## Dataset records

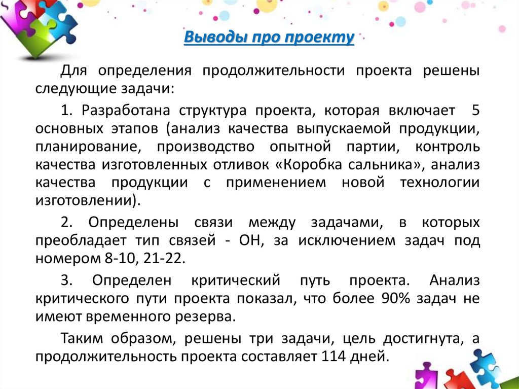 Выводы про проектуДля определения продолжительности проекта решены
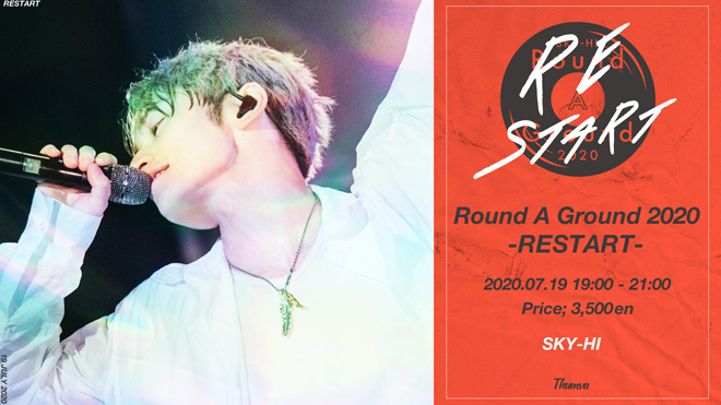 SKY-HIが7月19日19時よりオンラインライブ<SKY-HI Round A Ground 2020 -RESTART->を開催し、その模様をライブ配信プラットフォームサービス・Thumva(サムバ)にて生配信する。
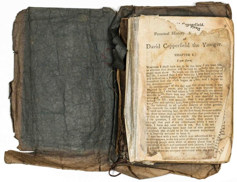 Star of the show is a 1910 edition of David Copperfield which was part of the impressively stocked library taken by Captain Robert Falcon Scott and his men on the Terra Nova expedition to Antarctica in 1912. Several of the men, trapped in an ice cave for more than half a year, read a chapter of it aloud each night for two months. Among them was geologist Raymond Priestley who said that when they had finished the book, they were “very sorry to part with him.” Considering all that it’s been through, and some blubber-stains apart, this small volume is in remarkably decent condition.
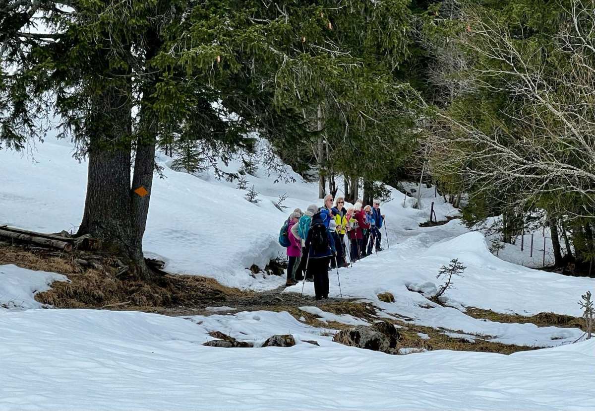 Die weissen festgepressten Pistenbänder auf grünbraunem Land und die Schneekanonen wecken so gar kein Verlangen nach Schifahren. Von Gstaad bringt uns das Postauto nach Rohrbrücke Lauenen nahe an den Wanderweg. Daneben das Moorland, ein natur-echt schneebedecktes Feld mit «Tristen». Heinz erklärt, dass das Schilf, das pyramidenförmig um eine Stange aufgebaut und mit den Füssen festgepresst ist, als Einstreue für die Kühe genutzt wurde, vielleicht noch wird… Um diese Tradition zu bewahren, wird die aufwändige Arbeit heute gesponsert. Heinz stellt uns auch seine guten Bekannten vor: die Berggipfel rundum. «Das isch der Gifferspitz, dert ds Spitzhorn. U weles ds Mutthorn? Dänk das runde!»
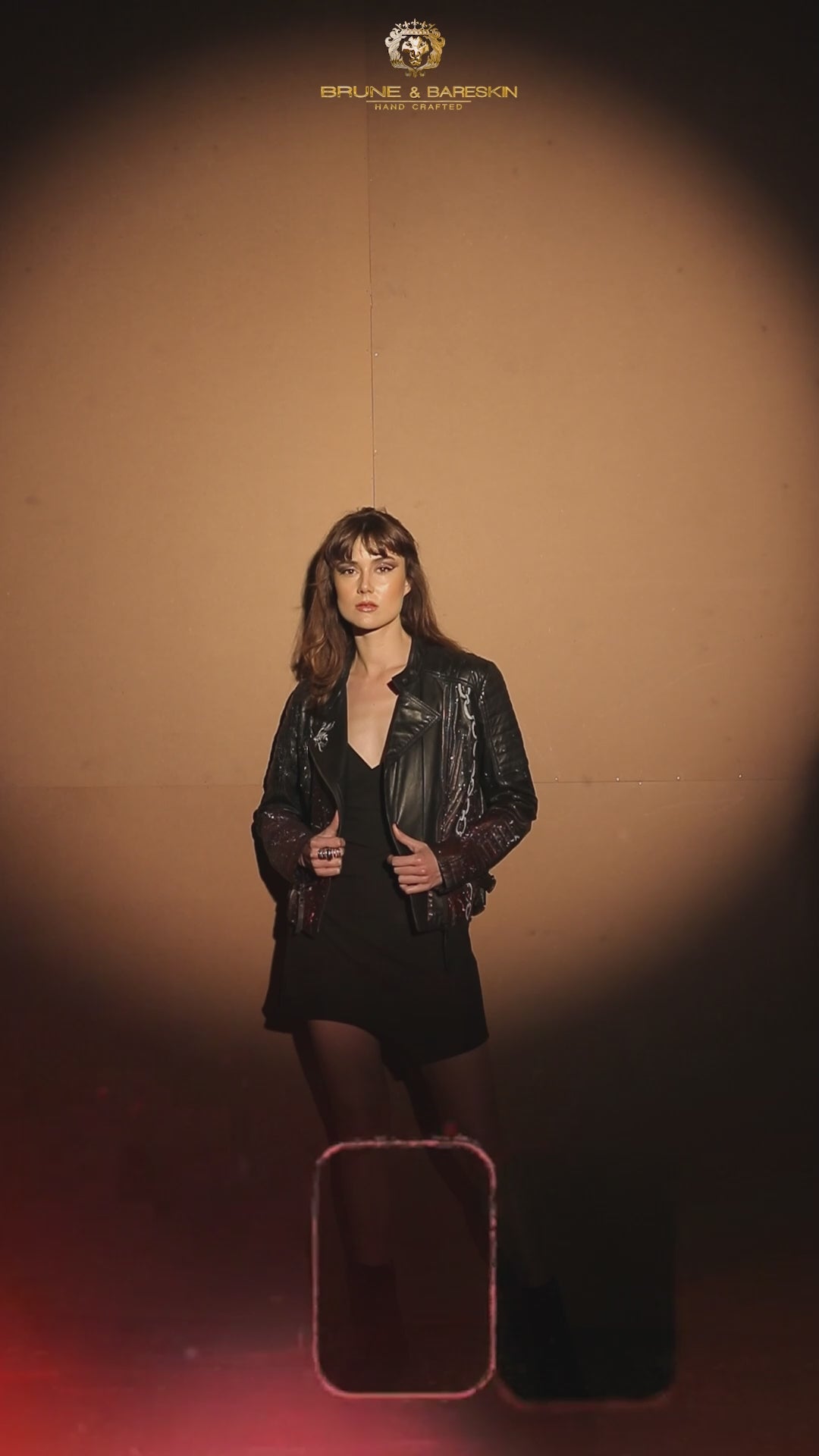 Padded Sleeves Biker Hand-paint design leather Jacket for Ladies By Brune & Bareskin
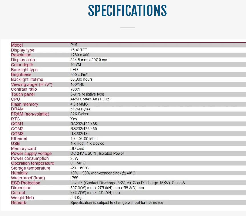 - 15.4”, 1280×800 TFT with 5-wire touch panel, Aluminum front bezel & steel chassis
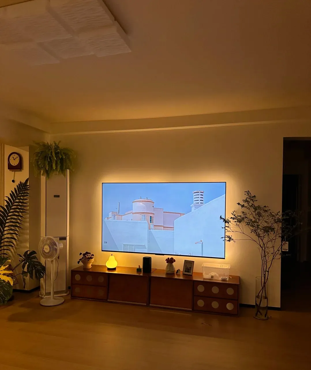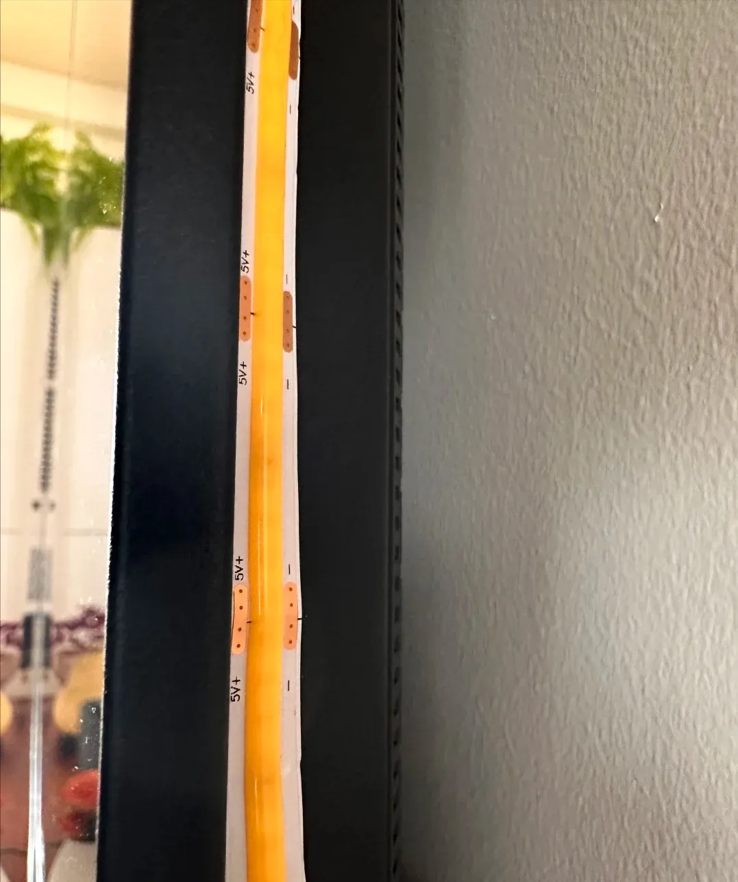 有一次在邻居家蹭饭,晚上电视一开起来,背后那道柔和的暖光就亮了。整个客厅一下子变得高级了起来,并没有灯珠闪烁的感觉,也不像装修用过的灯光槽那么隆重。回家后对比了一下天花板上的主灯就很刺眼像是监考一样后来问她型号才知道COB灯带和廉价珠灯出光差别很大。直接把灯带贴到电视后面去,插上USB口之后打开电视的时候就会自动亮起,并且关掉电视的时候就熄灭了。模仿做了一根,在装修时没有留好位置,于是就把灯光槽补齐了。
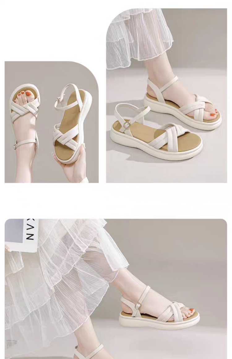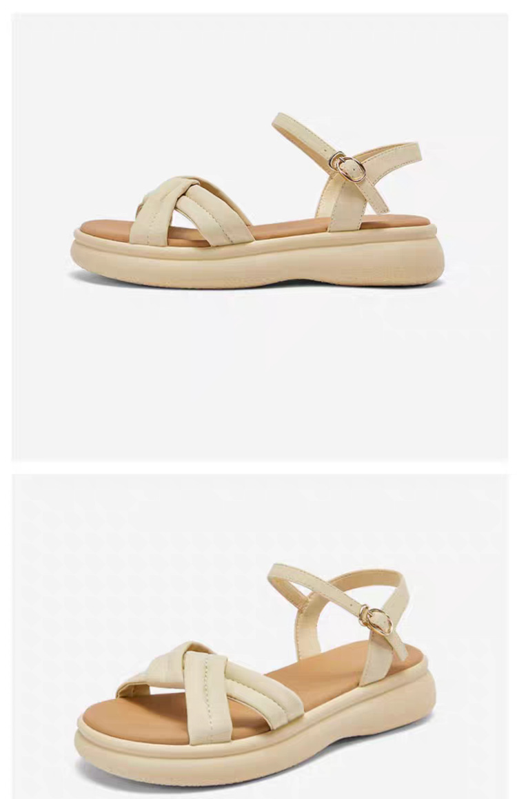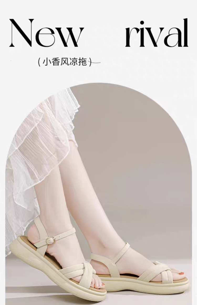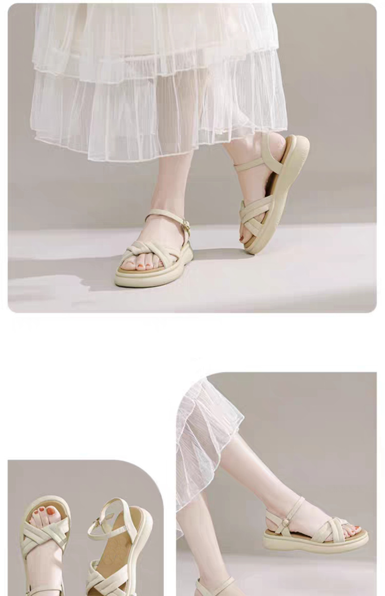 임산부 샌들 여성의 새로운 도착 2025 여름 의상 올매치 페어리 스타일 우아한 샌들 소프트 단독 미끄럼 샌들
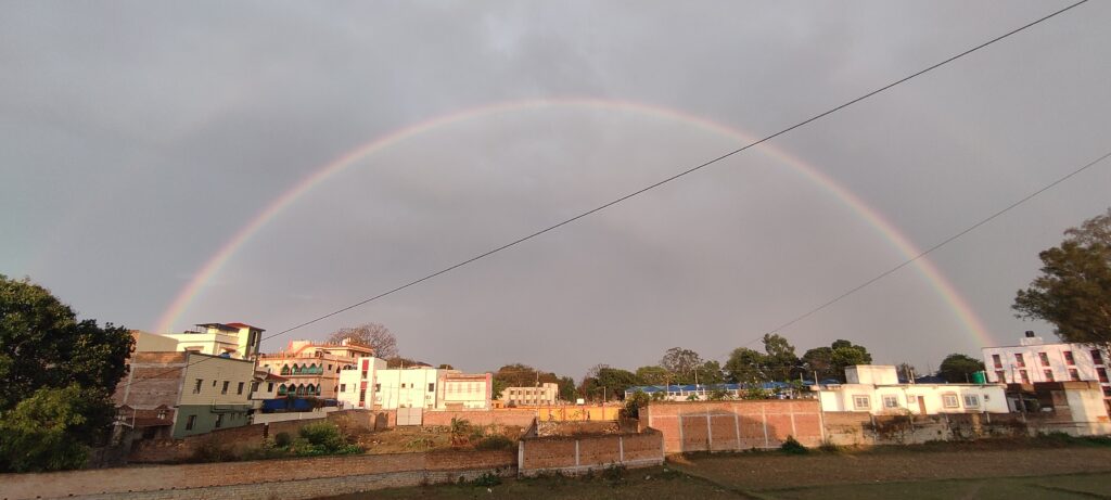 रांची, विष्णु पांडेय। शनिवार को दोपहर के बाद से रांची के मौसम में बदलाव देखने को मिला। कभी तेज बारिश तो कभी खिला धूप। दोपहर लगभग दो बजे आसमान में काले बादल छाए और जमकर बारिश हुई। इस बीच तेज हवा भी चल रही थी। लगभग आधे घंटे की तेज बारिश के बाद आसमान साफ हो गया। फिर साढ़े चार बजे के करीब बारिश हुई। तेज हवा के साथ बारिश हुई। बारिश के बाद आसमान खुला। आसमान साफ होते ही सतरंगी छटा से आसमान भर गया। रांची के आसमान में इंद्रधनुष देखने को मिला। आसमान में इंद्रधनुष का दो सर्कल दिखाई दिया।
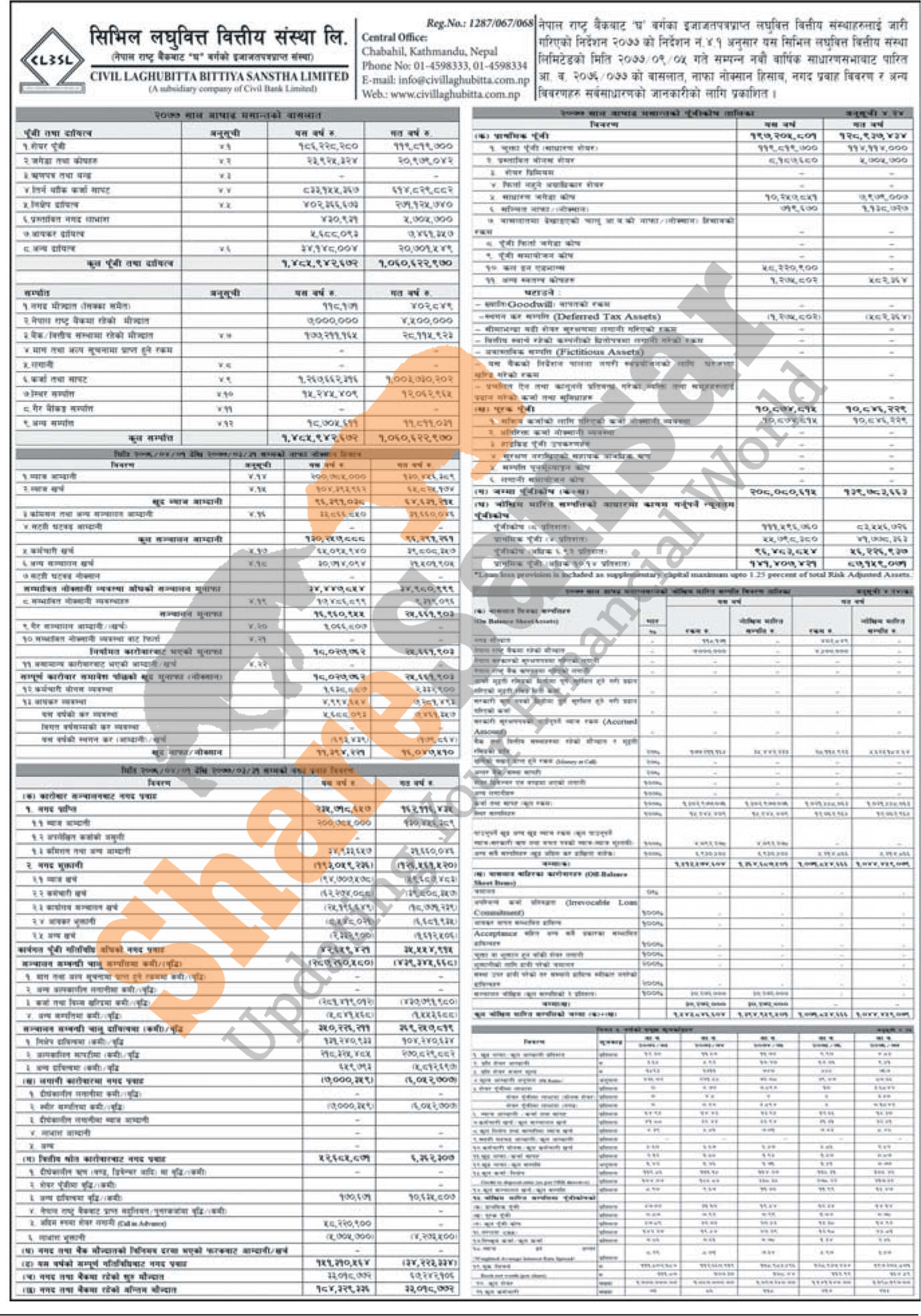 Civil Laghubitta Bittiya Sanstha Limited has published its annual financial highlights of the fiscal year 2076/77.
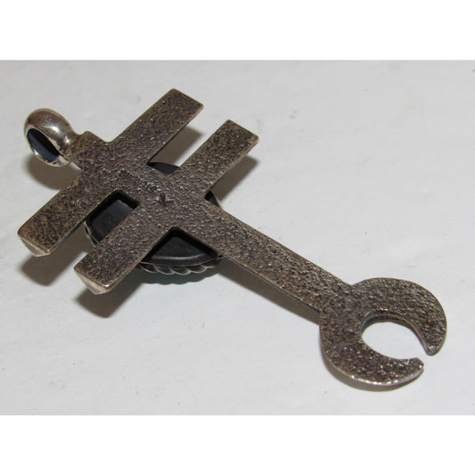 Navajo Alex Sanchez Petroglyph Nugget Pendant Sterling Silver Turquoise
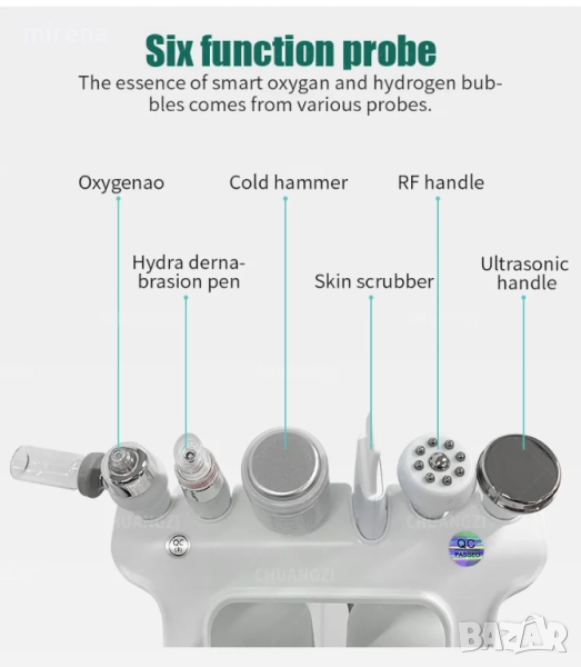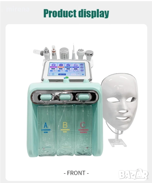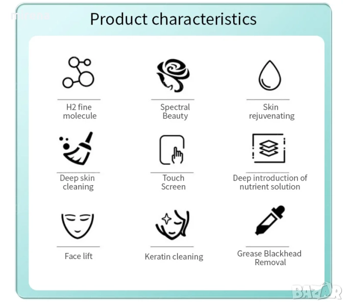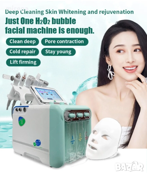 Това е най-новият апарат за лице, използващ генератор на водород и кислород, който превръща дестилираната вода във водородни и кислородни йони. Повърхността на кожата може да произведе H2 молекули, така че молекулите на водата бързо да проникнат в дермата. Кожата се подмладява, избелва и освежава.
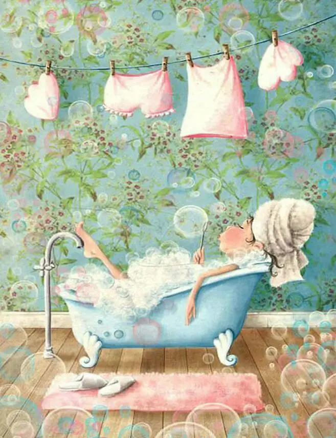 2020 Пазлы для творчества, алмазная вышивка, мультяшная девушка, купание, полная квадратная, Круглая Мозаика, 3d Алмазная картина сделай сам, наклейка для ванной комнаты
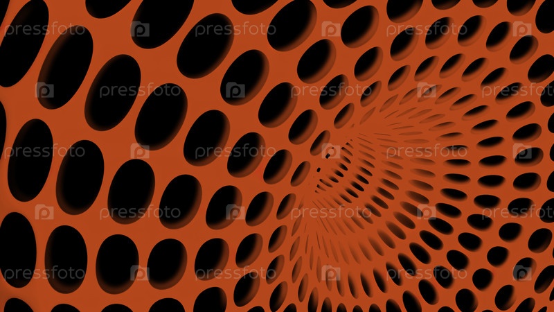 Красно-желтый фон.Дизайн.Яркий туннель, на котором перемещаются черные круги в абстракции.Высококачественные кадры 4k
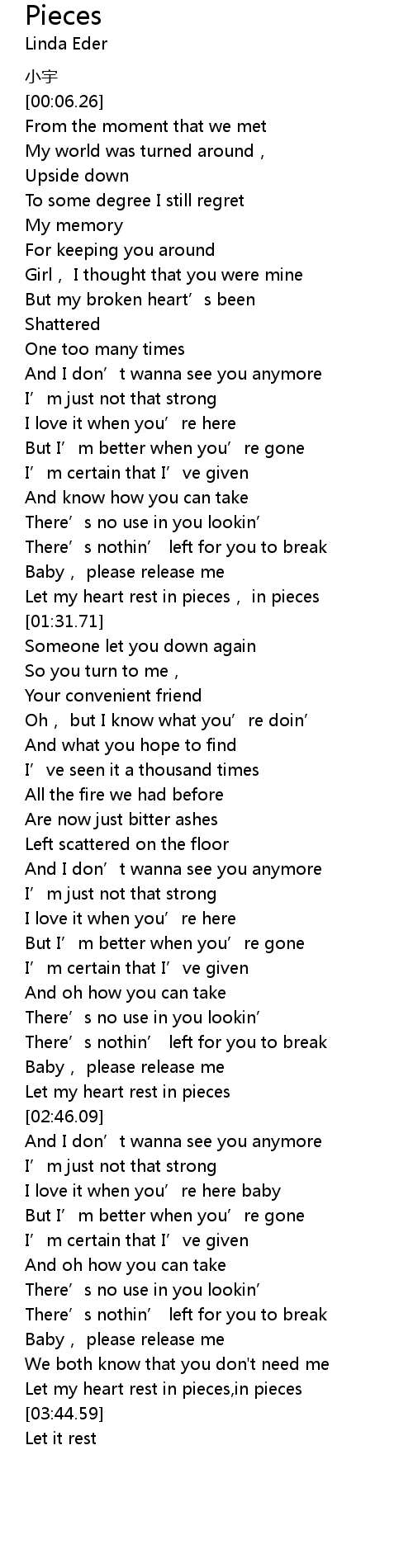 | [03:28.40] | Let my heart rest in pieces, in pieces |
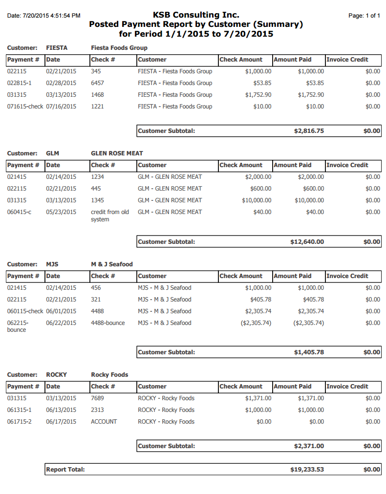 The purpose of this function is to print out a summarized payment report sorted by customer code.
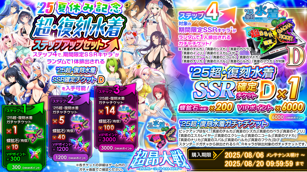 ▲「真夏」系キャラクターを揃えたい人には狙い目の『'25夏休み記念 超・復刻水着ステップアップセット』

## What you should do
Word for word, restate the lines above from the first through the one that contains "Star of the", and exclude all pictures.

## Exercise result
 Выводы про проектуДля определения продолжительности проекта решены
 SKY-HIが7月19日19時よりオンラインライブ<SKY-HI Round A Ground 2020 -RESTART->を開催し、その模様をライブ配信プラットフォームサービス・Thumva(サムバ)にて生配信する。
 Star of the show is a 1910 edition of David Copperfield which was part of the impressively stocked library taken by Captain Robert Falcon Scott and his men on the Terra Nova expedition to Antarctica in 1912. Several of the men, trapped in an ice cave for more than half a year, read a chapter of it aloud each night for two months. Among them was geologist Raymond Priestley who said that when they had finished the book, they were “very sorry to part with him.” Considering all that it’s been through, and some blubber-stains apart, this small volume is in remarkably decent condition.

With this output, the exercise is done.